*DATA FOR THIS EXERCISE:*
»»

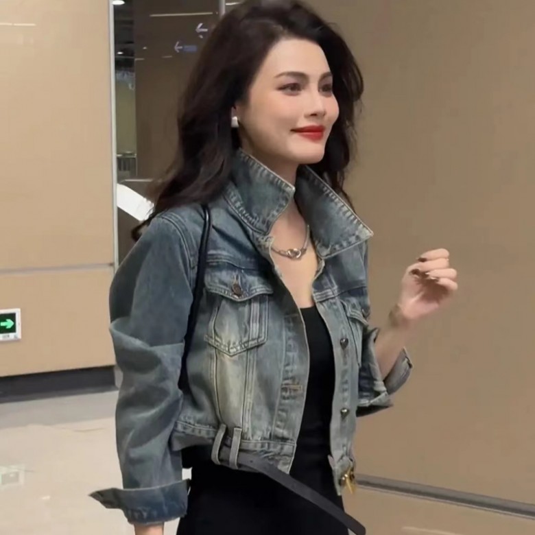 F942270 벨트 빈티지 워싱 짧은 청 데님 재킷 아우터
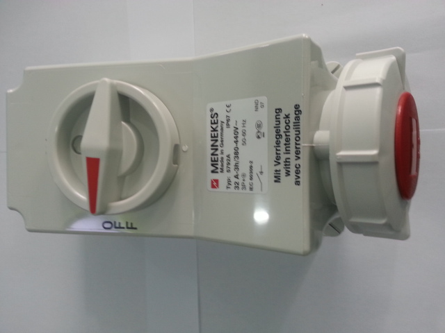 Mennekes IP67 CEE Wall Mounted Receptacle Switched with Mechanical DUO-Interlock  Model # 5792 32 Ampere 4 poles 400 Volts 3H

««
»»

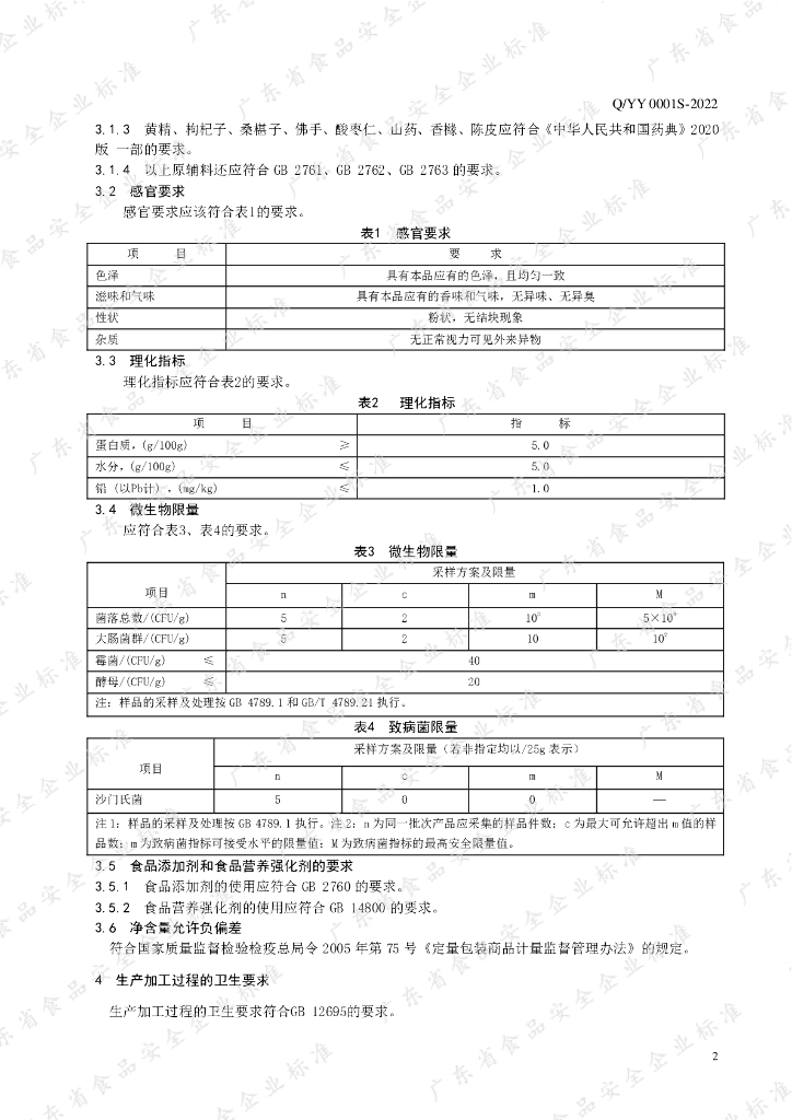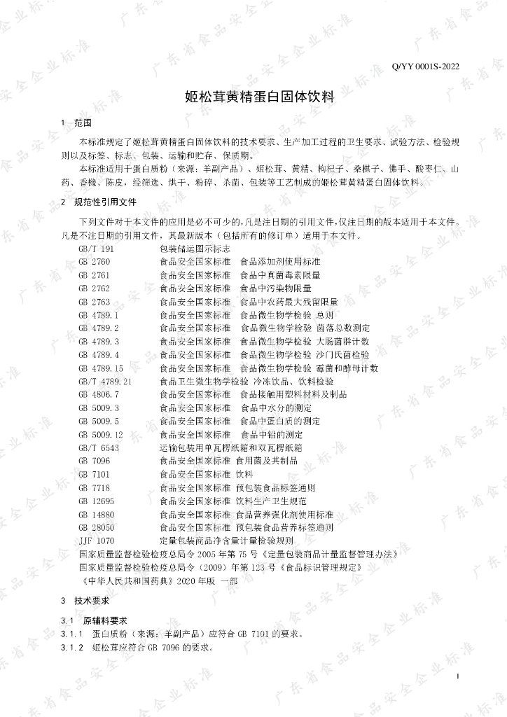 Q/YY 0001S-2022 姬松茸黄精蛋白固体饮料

««
»»

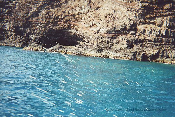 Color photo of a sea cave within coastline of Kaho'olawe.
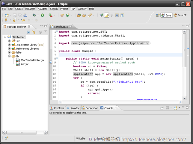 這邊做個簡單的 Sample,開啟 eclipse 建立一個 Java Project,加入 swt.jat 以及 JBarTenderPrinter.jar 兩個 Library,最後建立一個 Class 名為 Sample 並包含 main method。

««

*WORK TO BE COMPLETED:* Only one stretch of the entries above is needed: the lines from the one containing "F942270 벨트 빈티지 워싱 짧은 청 데님 재킷 아우터" through the one containing "Mennekes IP67 CEE". Copy it exactly, without the pictures.

*RESPONSE:*
 F942270 벨트 빈티지 워싱 짧은 청 데님 재킷 아우터
 Mennekes IP67 CEE Wall Mounted Receptacle Switched with Mechanical DUO-Interlock  Model # 5792 32 Ampere 4 poles 400 Volts 3H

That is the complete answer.